• **Task instructions**
Write out the listing verbatim. No pictures belong in it.

---- Exercise material

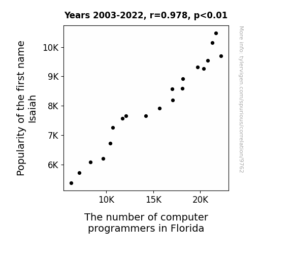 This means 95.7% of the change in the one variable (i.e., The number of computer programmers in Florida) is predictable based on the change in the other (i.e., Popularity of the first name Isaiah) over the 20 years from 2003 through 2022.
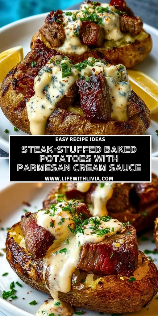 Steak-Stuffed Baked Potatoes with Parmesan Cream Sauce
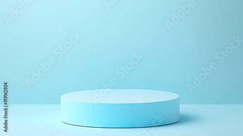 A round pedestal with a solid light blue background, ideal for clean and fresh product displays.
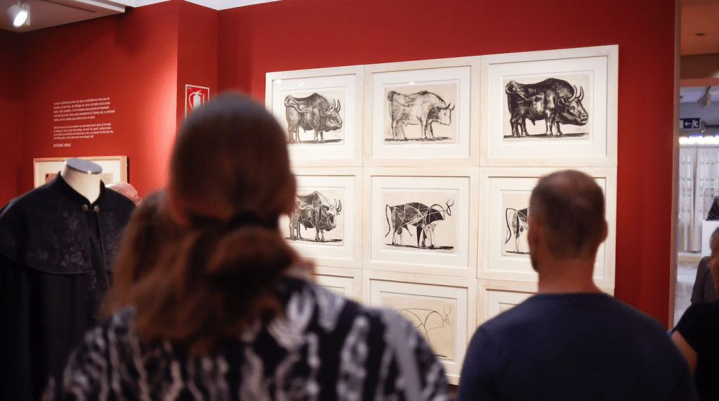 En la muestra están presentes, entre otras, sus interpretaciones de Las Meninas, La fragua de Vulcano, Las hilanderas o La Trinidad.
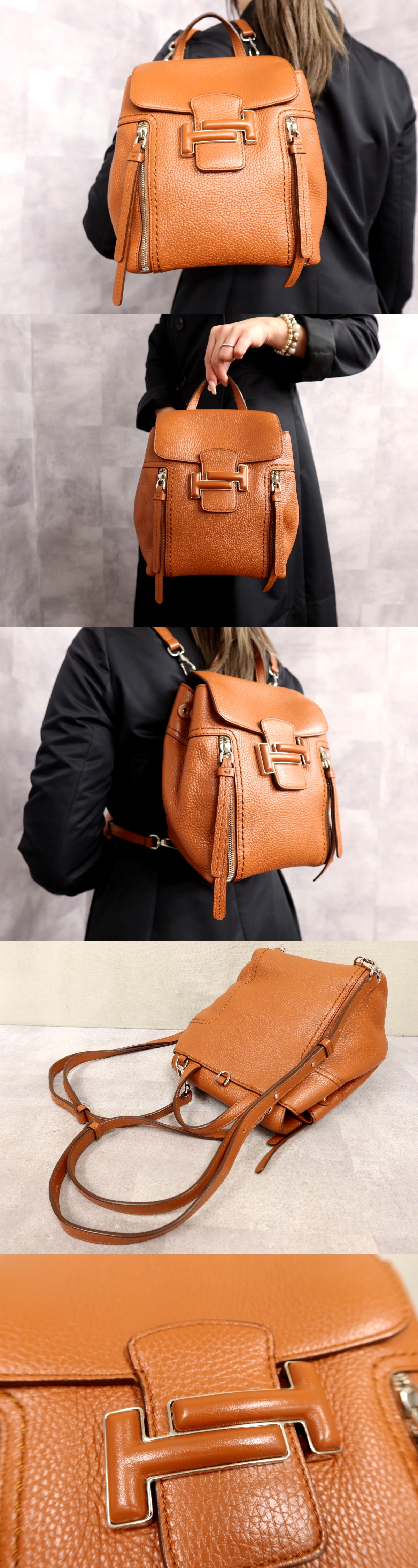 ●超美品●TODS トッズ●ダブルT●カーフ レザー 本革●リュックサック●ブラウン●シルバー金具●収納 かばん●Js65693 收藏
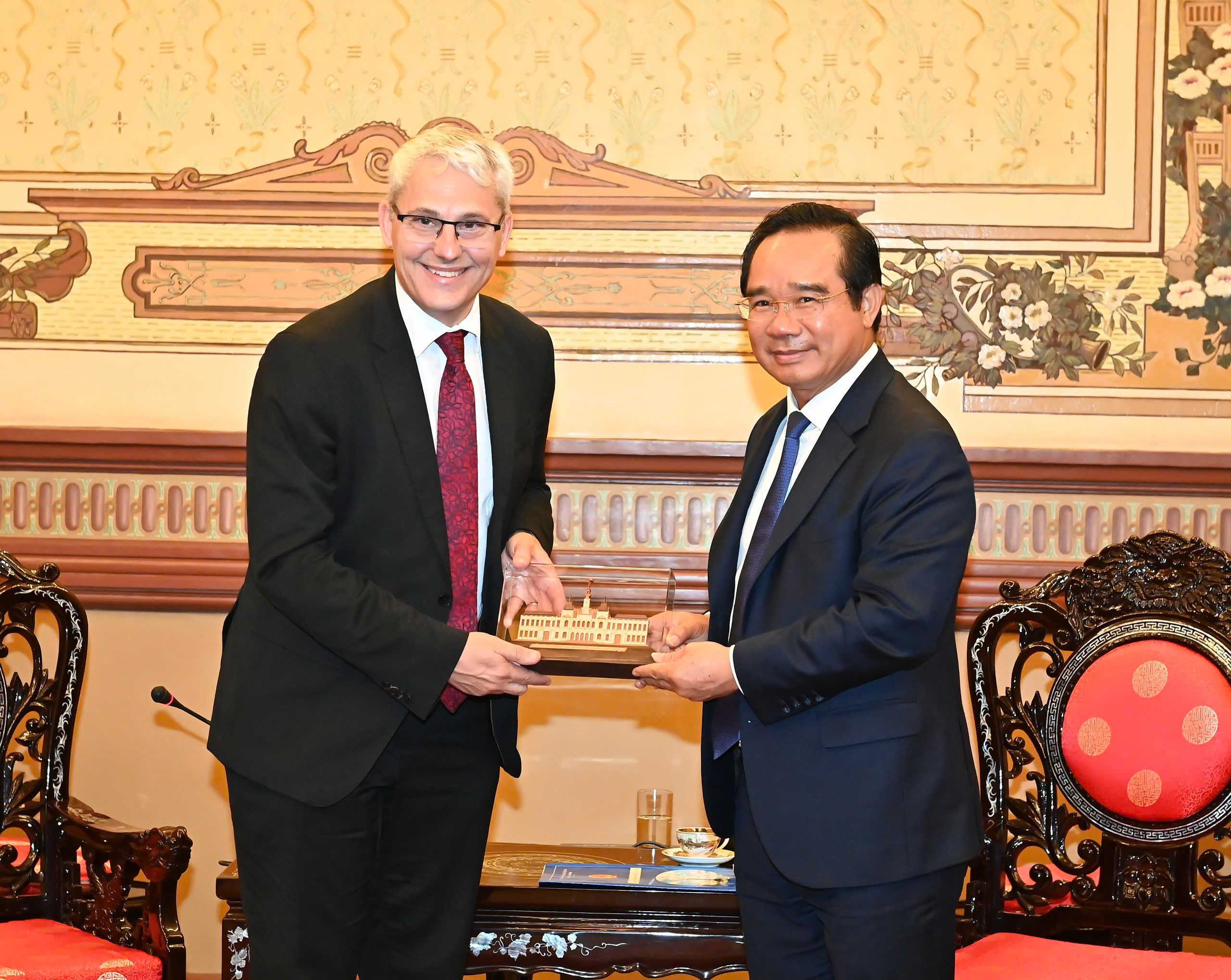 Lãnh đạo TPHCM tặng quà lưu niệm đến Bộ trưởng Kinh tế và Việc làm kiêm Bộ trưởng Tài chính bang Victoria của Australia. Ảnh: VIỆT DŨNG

--------

• **Problem solution**
 This means 95.7% of the change in the one variable (i.e., The number of computer programmers in Florida) is predictable based on the change in the other (i.e., Popularity of the first name Isaiah) over the 20 years from 2003 through 2022.
 Steak-Stuffed Baked Potatoes with Parmesan Cream Sauce
 A round pedestal with a solid light blue background, ideal for clean and fresh product displays.
 En la muestra están presentes, entre otras, sus interpretaciones de Las Meninas, La fragua de Vulcano, Las hilanderas o La Trinidad.
 ●超美品●TODS トッズ●ダブルT●カーフ レザー 本革●リュックサック●ブラウン●シルバー金具●収納 かばん●Js65693 收藏
 Lãnh đạo TPHCM tặng quà lưu niệm đến Bộ trưởng Kinh tế và Việc làm kiêm Bộ trưởng Tài chính bang Victoria của Australia. Ảnh: VIỆT DŨNG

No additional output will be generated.